Zhou, et al.             Expires August 5, 2013                 [Page 4]


Internet-Draft             RDAP RESTful search                  Feb 2013


   /search/?ns=ns.example.com

2.1.5.  Entity Search

   Syntax: /search/?entityID=<Entity Handle>

   This parameter represents an entity (such as a contact, registrant,
   or registrar) identifier.

   The example URL for searching entity handle such as CID0193 is
   defined below.

   /search/?entityID=CID0193

2.2.  Extended Search

   This seachable function defined in New gTLD Applicant Guide Book
   should offer partial or exact match capabilities on some fields, such
   as contact name, city, street, postal code etc..  So besides the
   basic search parameters, other extended search parameters are also
   specified.

   Syntax: /search/?keyword=<value>

   Followings are some search examples that this functionality that
   would support.

   1.  The "entityname" field represents the names of a specified
       contact, registrant or registrar.  This an example URL for the
       entity names search: /search/?entityname=James%20Blunt

   2.  The "street" parameter contains the entity's street address
       defined in RFC 5733 [RFC5733].  A street search example: /search/
       ?street=123%20Example%20Dr

   3.  The "city" parameter contains the entity's city defined in RFC
       5733 [RFC5733].  A city search example: /search/?city=Beijing

   4.  The "sp" parameter contains the entity's state or province
       defined in RFC 5733 [RFC5733].  A state or province search
       example: /search/?sp=VA

   5.  The "pc" parameter contains the entity's postal code defined in
       RFC 5733 [RFC5733].  A postal code search example: /search/
       ?pc=100190

   6.  The "cc" parameter contains the entity's country code defined in
       RFC 5733 [RFC5733].  A country code search example: /search/



Zhou, et al.             Expires August 5, 2013                 [Page 5]

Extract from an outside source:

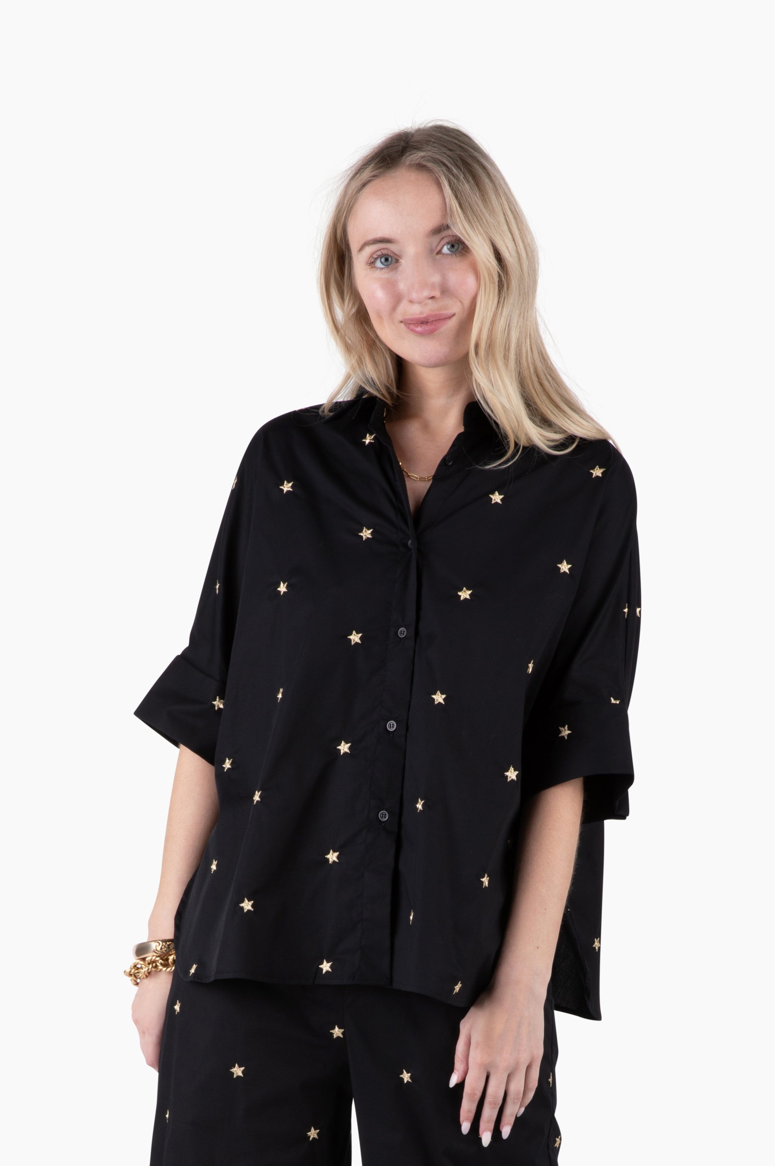 The new Peacemaker Top in Gold Star, is the perfect blend of elevated comfort and effortless style. Embroidered in gold metallic stars, this festive shirt has side slits, cuffed sleeves and a relaxed, swing back that moves effortlessly when you move. You'll enjoy endless style you can wear all season long. The versatile Peacemaker Top can be paired with the matching Take Pause Pant or with denim for an easy outfit that looks as good as it feels. Exquisitely crafted with ultra-premium cotton poplin enhanced with a hint of stretch for luxurious comfort for wherever the day or night takes you.

Internet-Draft             RDAP RESTful search                  Feb 2013


       ?cc=CN


3.  Boolean Search

   RIRs and DNRs shall offer Boolean search capabilities supporting, at
   least, the following logical operators to join a set of search
   criteria: AND, OR, NOT.

   Any fields described above can be combined together by the boolean
   criteria to be the search input parameters.  Partial-match and exact-
   match capabilities would also be offered by RIRs and DNRs. "*" is the
   replace mark for partial-match function. "&" mark represents AND, "+"
   mark means OR and "-" mark means that none of the input text is
   inlcuded in the response results.

   An example is given below searching for entity name called James ***
   or Tom ***, registered domain name is xyz.com and country code is not
   CN.

   /search/?entityname=James*+Tom*&domain=xyz.com&cc=-CN


4.  Search Response Format

   The search results will be returned in a JSON object, the format of
   which is discussed in the section 5 of
   draft-hollenbeck-weirds-rdap-search
   [I-D.hollenbeck-weirds-rdap-search].  Ordering and paging are taken
   into consideration in this document.  Three JSON objects, which are
   "page", "total" and "orderby" are defined as below.

   The server could specifiy the number of display results per page
   according to different registries' requirements.  The search response
   will include the page number and total page number information in the
   results. "orderby" is the field using for ordering all the results.















Zhou, et al.             Expires August 5, 2013                 [Page 6]


Internet-Draft             RDAP RESTful search                  Feb 2013


           {
             "results" :
             [
               {
                 "handle" : "1-XXXX",
                 "name" : "1.example.com",
                 "objectClass" : "domain",
                 ...
                 "page" : "1",
                 "total" : "10",
                 "orderby" : "domain"
               },
               {
                 "handle" : "2-XXXX",
                 "name" : "2.example.com",
                 "objectClass" : "domain",
                 ...
                 "page" : "1",
                 "total" : "10",
                 "orderby" : "domain"
               }
             ]
           }


   This response format is a preliminary design for future disscussion.
   If the idea is adopted by the working group, the search URI including
   paging and ordering information should also be specified, such as
   /search/?domain=example.com&page=1&orderby=domain.


5.  IANA Considerations

   This document does not specify any IANA actions.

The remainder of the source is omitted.